Building a symmetrical PSU B1 buffer

Hello!

I've built a p2p DCB1 a year ago, then I moved to another town and had 0 time available for diy. I'm experiencing some humm so I couldn't use the DCB1 all this time, but I hope to address that a bit later. For now, please help me with a few things:

1. For the moment, I'd like to try reducing the R1 value from the current 11ohms. How low would be OK for my transformer to go? (I'm using the Hammond 229D30. 48VAC 30V C.T. @ 1.6A recommended around here) Sorry for such a simple question, but I have basically 0 knowledge in electronics (well, not really 0 but quite close :) )
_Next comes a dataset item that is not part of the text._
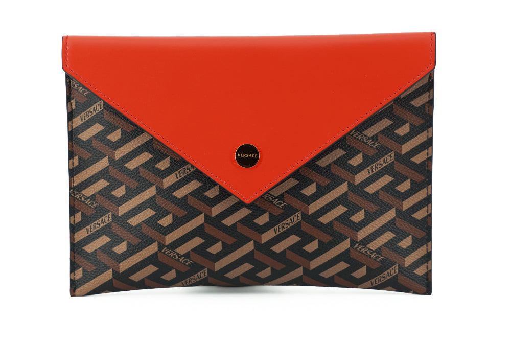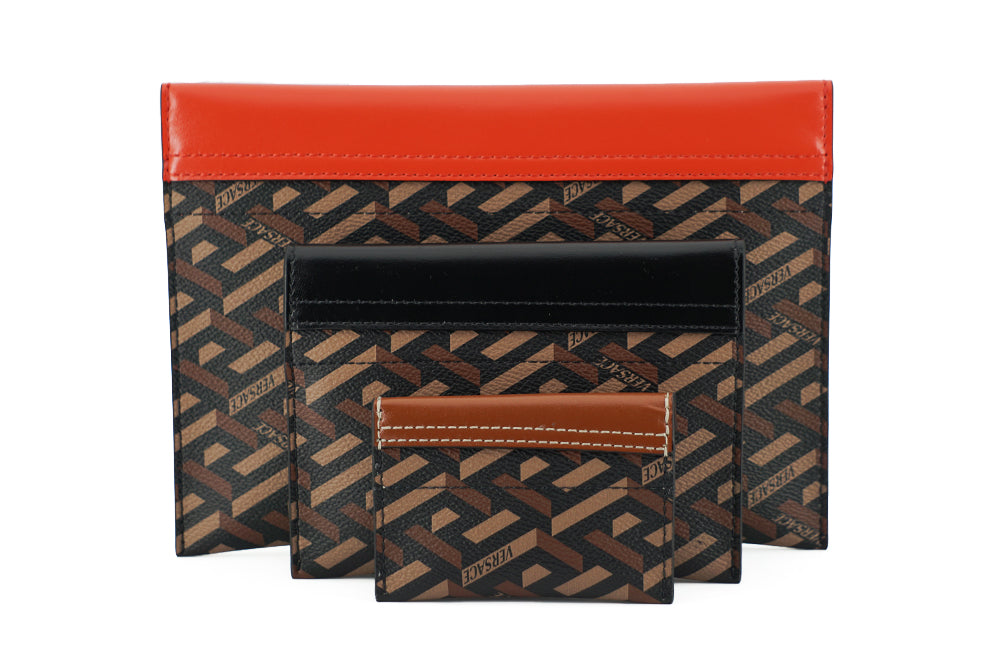 Elegant Versace Trio Pouch Set in Red & Brown

2. Also, I remember reading somewhere buried in this thread the information that the quality of the resistors in this power supply has no impact on the sound quality, is that correct? Can I use generic ceramic types? On the other hand, I see somebody is using noninductive Mills, so perhaps my memory is playing tricks on me?! Right now I'm using some Dale CFM's.
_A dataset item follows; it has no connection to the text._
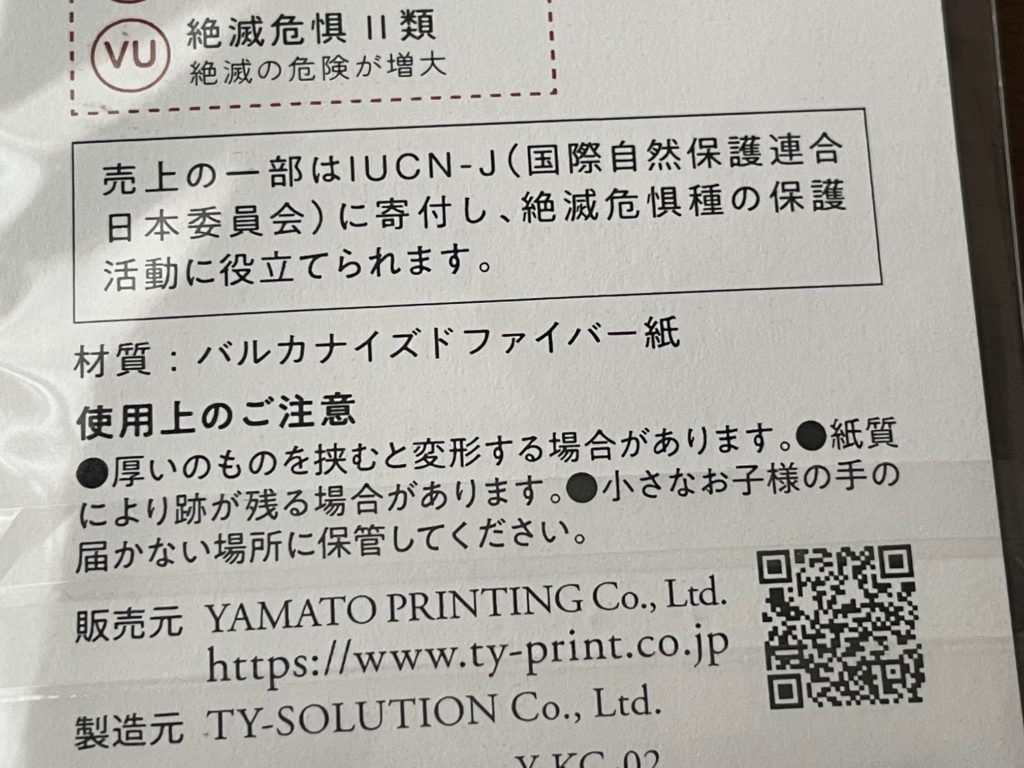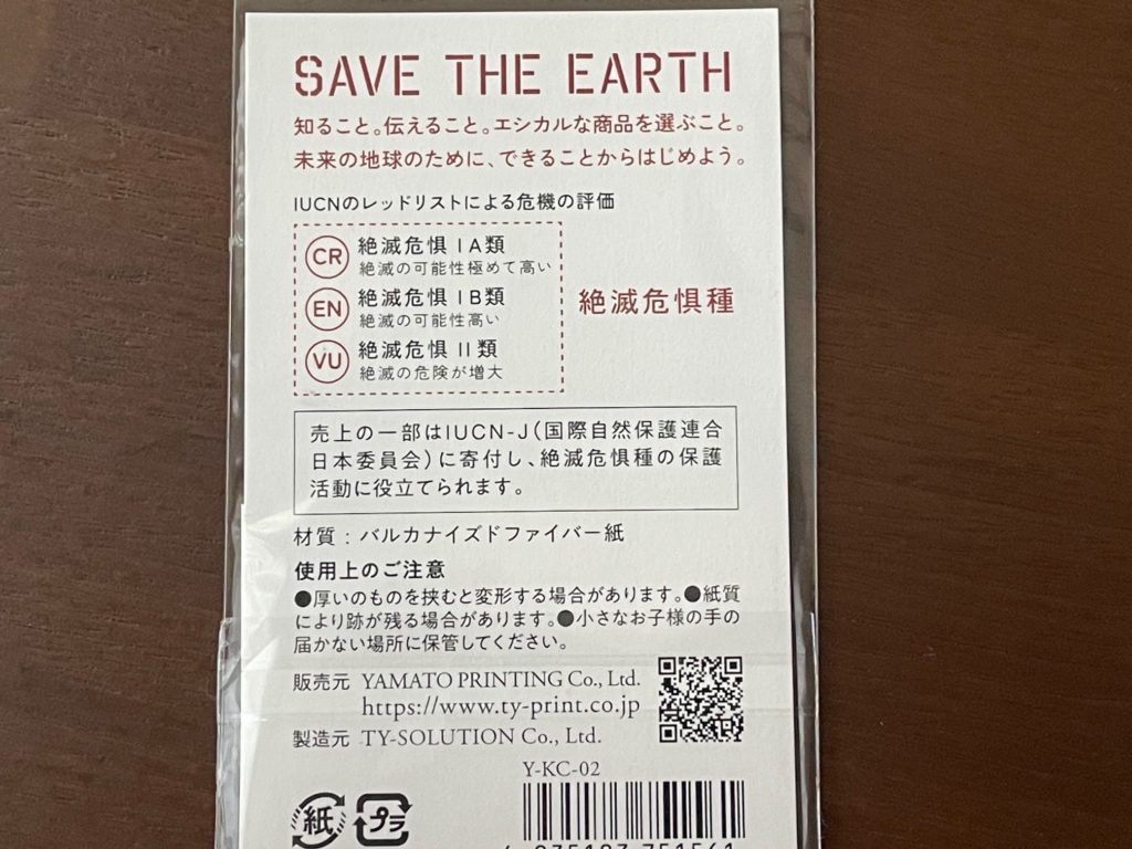 アイテムの裏面です。危機の評価についても説明されています。絶滅危惧種の中でも3段階で評価されるのですね。CR=絶滅危惧ⅠA類=絶滅の可能性が極めて高い、これが一番危機なのですね。

3. I've ordered the Gigarec pots, a 10K one and a 20K one, just to try them both, so while they're traveling to me I'm trying to find the good quality, suitable 100k and 200k respectively resistors locally. I assume it doesn't matter much if it's 200k or 220k for instance, right? Again, sorry for the "moron-type" question, just wanted to be sure...
4. Finally, how can I tell if my CD player is "happy enough" with a 10k pot? It has a Zout of 500R and I've used it many times for many hours in the past (when I knew even less...) with a couple of mono 1k pots and a pair of 120ohms headphones, so I suppose it has no right to comment on the 10k pot in this case, right? How can one tell if the output stage of the player is "tortured" too much by such impedance values? As long as it sounds good it's ok, or it could still break down one day without any warning?

Thanks a lot!
 
The DCB1 is a continuous load set by that resistor.
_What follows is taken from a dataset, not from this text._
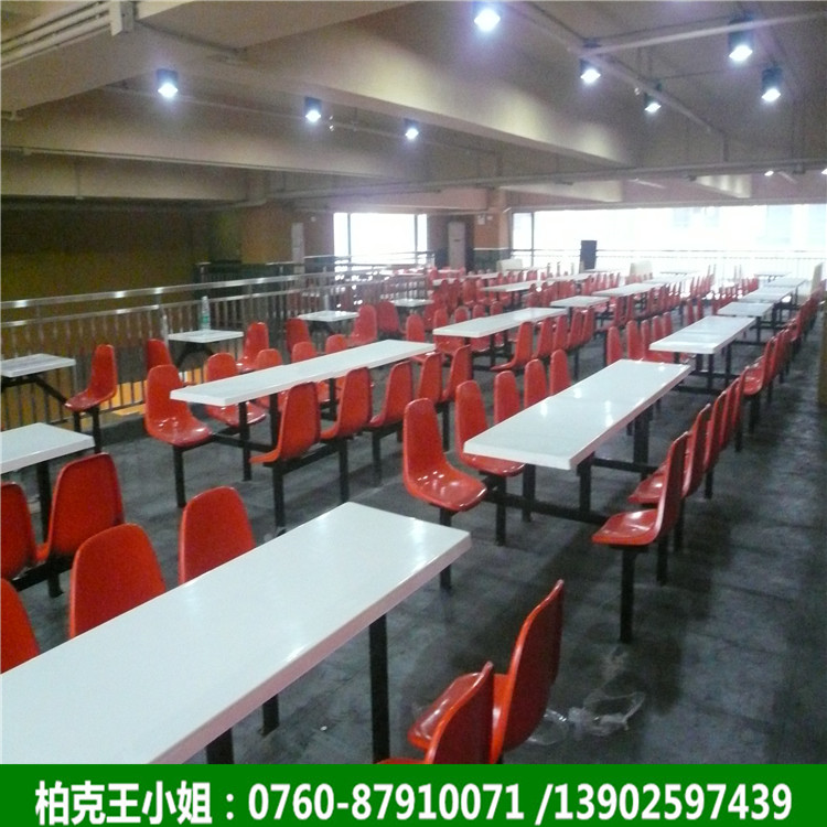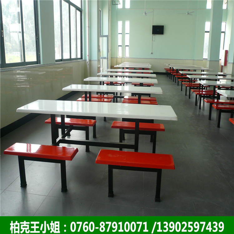 海南玻璃钢连体餐桌椅热销 学校食堂餐桌椅 8人组合餐桌

The transformer 48VA 30Vac c.t. has a mximum continuous current rating of 1.6Aac.
When the transformer is feeding a capacitor input filter the manufacturer tells us that the transformer must be de-rated. The factor is usually around 0.7
When you take an output from the rectified and smoothed (capacitor input filter) the voltage is ~1.4times the Vac.
The output voltage for 30Vac will be ~42Vdc after the rectifier.
The voltage before the rectifier will be ~43.4V.
The power available after de-rating is ~0.7*48VA = 34W.
If you know the voltage (or emf.) you can find the maximum continuous DC current is ~34/43.4 ~ 0.8Adc.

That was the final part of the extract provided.